Hot off the heels of the previous film, Moonraker is often cited as one of the sillier movies in the series. The phrase “James Bond in space” sums it up pretty nicely. And just like its predecessor, the main villain has a fondness for classical music and even performs it himself! Michael Lonsdale’s piano mimicry as Hugo Drax may not be perfect, but this Chopin piece is certainly one of his most popular:

And for one of the more infamous sequences in the series, the gondola/hovercraft chase through Venice, featuring the Tritsch-Tratsch Polka by Johann Strauss II and a pigeon doing a double take:

If that wasn’t silly enough, how about the moment when Jaws (Richard Kiel), a ruthless, 7-foot-tall killer discovers the love of his life after crashing in a cable car, complete with the go-to option for cheesy romance scenes, Tchaikovsky’s Romeo and Juliet:

And also like The Spy Who Loved Me, yet another cribbed movie score, this time from Elmer Bernstein’s The Magnificent Seven!

A View to a Kill (1985)

Skipping ahead a few years, we have yet another villain with taste, this time for Vivaldi’s The Four Seasons. This clip is a version dubbed in Italian, but you get the general gist of the scene. Bond is doing his spy thing at an event hosted by nefarious industrialist Max Zorin (Christopher Walken), and naturally there is classical music present to class the place up a bit:

In an odd moment of a continuity break, the source music starts with the third movement of the Autumn concerto, and only moments later the music is on the famous first movement of Spring, which comes before Autumn in the traditional performance order. Granted, to the filmmakers this is probably negligible to the movie as a whole, but devout classical music listeners would definitely notice the discrepancy!

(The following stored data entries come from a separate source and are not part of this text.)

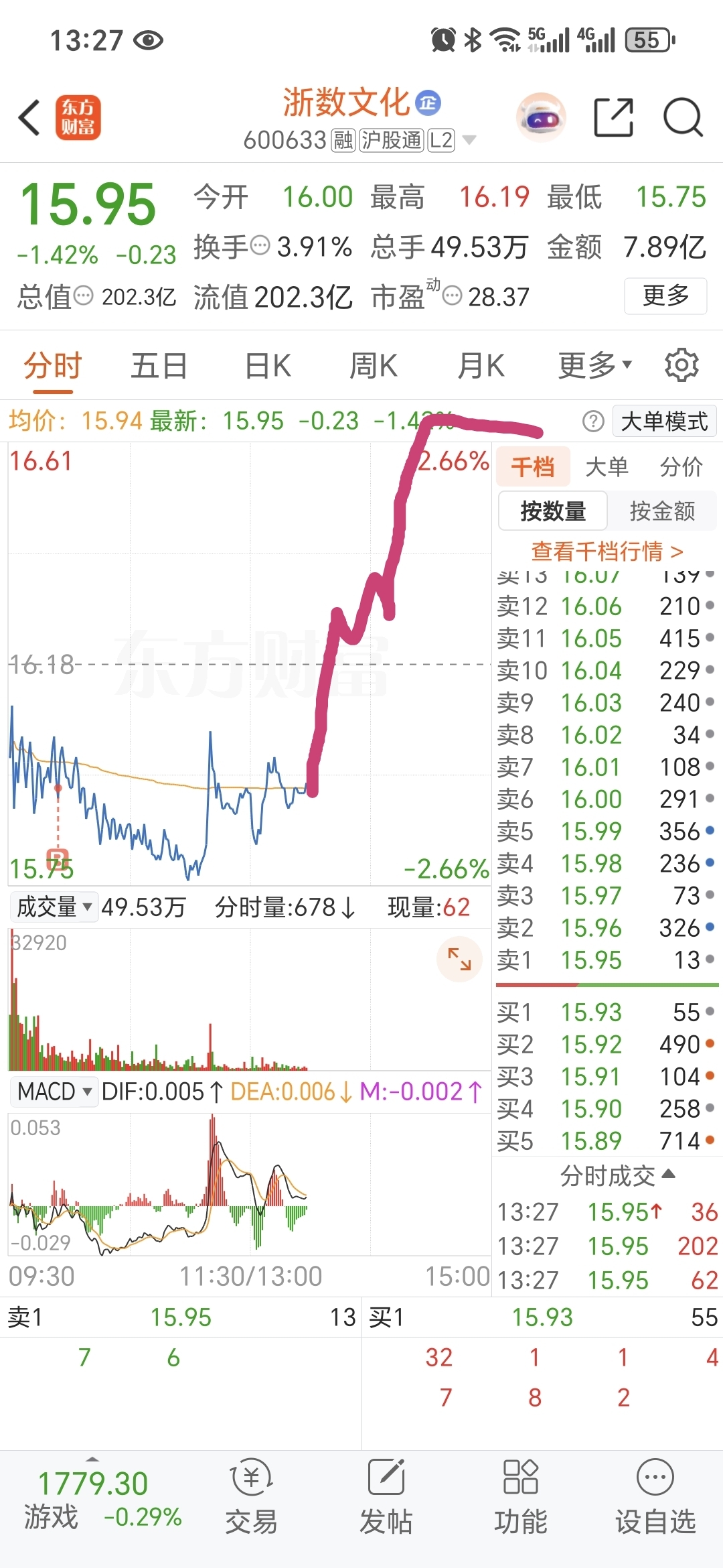 $浙数文化(SH600633)$
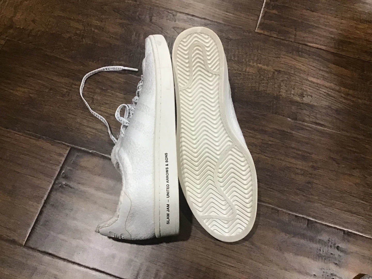5Selling a pair of Slam Jam x United Arrows & Sons sneakers! They are white and feature unique detailing on the laces and sole. Great for adding a stylish touch to your outfit
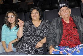 若瑞盖斯一家从网络上得到新唐人华人新年晚会在达拉斯演出的消息,三口人:爷爷Jose、妈妈Esmeralda、孙女Melissa就购票决定去观看。
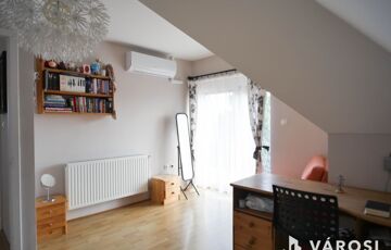 2003-ban épült, masszív szerkezetű, 38-as téglából készült, külső hőszigeteléssel ellátott, cserépfedésű családi ház eladó csendes, rendezett, kizárólag újabb építésű ingatlanokkal beépített utcában. Az otthon két szinten, átgondolt elrendezéssel biztosít kényelmes életteret akár nagyobb család számára is, összesen 4 hálószobával, tágas nappalival és galériával.
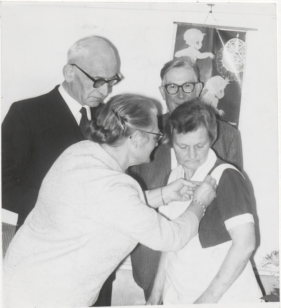 Vrouw in zorguniform wordt onderscheiden, twee manne...
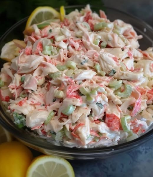 This chilled salad is a seafood lover’s dream—featuring tender shrimp, imitation crab (or real crab if you prefer), crisp celery, and a creamy, tangy dressing. Perfect for picnics, potlucks, or a simple make-ahead lunch, it’s refreshing and protein-packed.
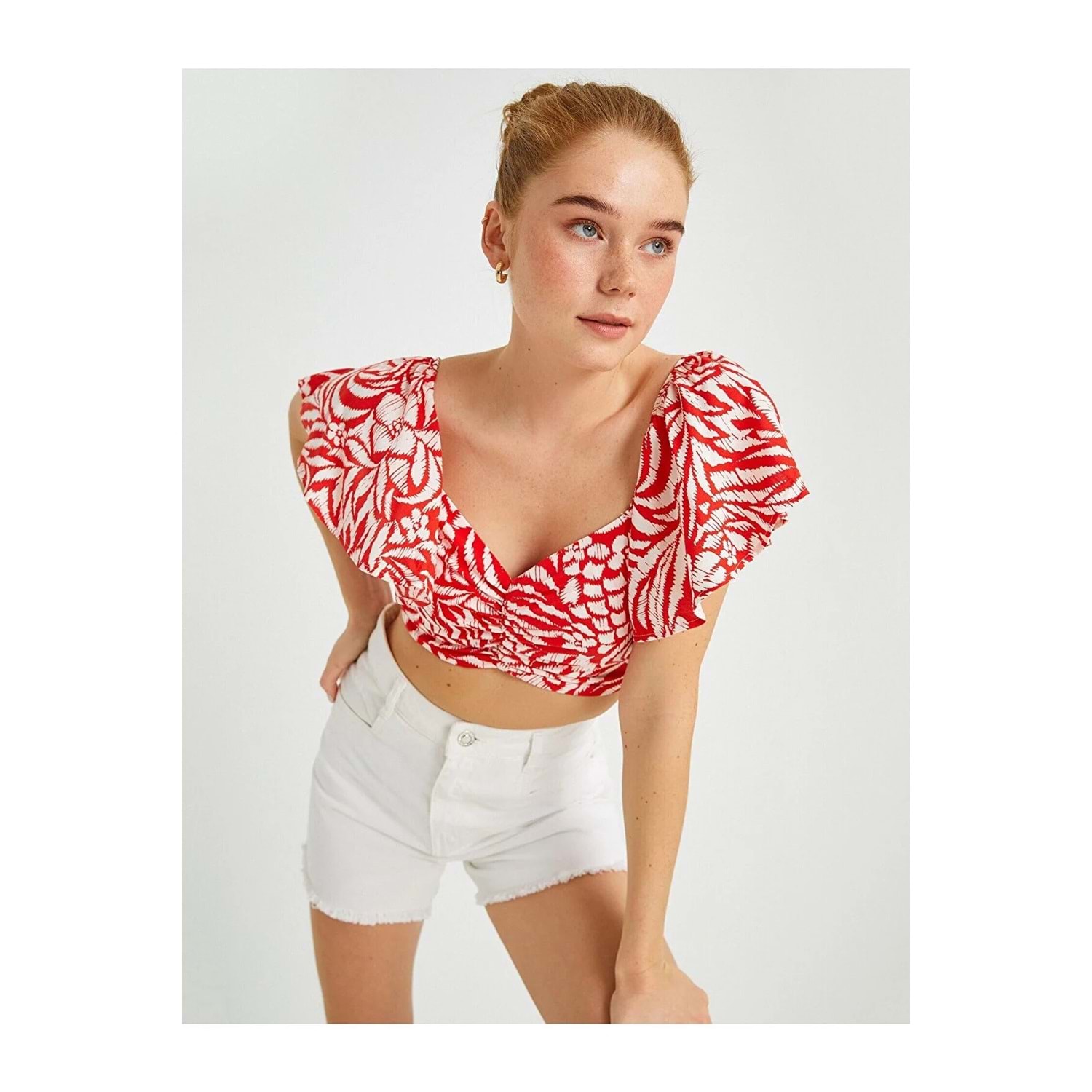 Kadın Giyim Bluz Desen Bluz Bağlama Detaylı Gömlek Yaka 2SAK60267PW Kırmızı Desen

The Living Daylights (1987)

Two years later with a brand new Bond in Timothy Dalton, the main “Bond girl” of this film, Kara Milovy (Maryam d’Abo) is actually a professional cellist who doubles as a KGB agent on the side. Naturally, this lends itself to plenty of opportunities for classical music. 007’s first mission (after the credits) takes place during a concert in Bratislava, where the orchestra plays the first movement of Mozart’s Symphony No. 40. Later on, there is a scene where Milovy performs in the third movement of Borodin’s String Quartet No. 2, and in this sequence in Vienna, Bond and Milovy enjoy a performance of Mozart’s The Marriage of Figaro:

Following that, Milovy practices Antonín Dvořák’s Cello Concerto in B minor in a pivotal scene near the climax of the film, and at the end of the movie she plays Tchaikovsky’s Variations on a Rococo Theme. This movie is as loaded with classical music as Bond’s various cars are loaded with gadgets! On that note, here’s a little clip that classical musicians might cringe at, particularly cellists…

Quantum of Solace (2008)

A full two decades later, we get a really big classical set piece from Puccini’s Tosca. In this scene, Bond, now played by Daniel Craig, has tracked down the main villain to Austria. The villain, Dominic Greene (Mathieu Amalric), is part of a large criminal organization named Quantum, and some of its highest members have chosen to meet at a performance of Puccini’s opera in order to discuss business over earpieces to maintain secrecy. Naturally, Bond spoils their fun:

That pretty well covers the biggest moments of classical music in the series, some a little silly, others quite artfully done, which might be a fair assessment of the franchise itself depending on who you ask. If you’re interested in the original music for each film, check out the scores of Monty Norman (Dr. No), John Barry (multiple), George Martin (Live and Let Die), Marvin Hamlisch (The Spy Who Loved Me), Bill Conti (For Your Eyes Only), Michael Kamen (Licence to Kill), Éric Serra (GoldenEye), David Arnold (multiple), and Thomas Newman (Skyfall and Spectre).

Also, if any of this has inspired some James Bond nostalgia, the Nerdist-produced James Bonding podcast with 007 enthusiasts Matt Mira and Matt Gourley covers all of the films in the series (including the non-EON Never Say Never Again), and they discuss various aspects of the movies with a heavy comedic element present. Enjoy!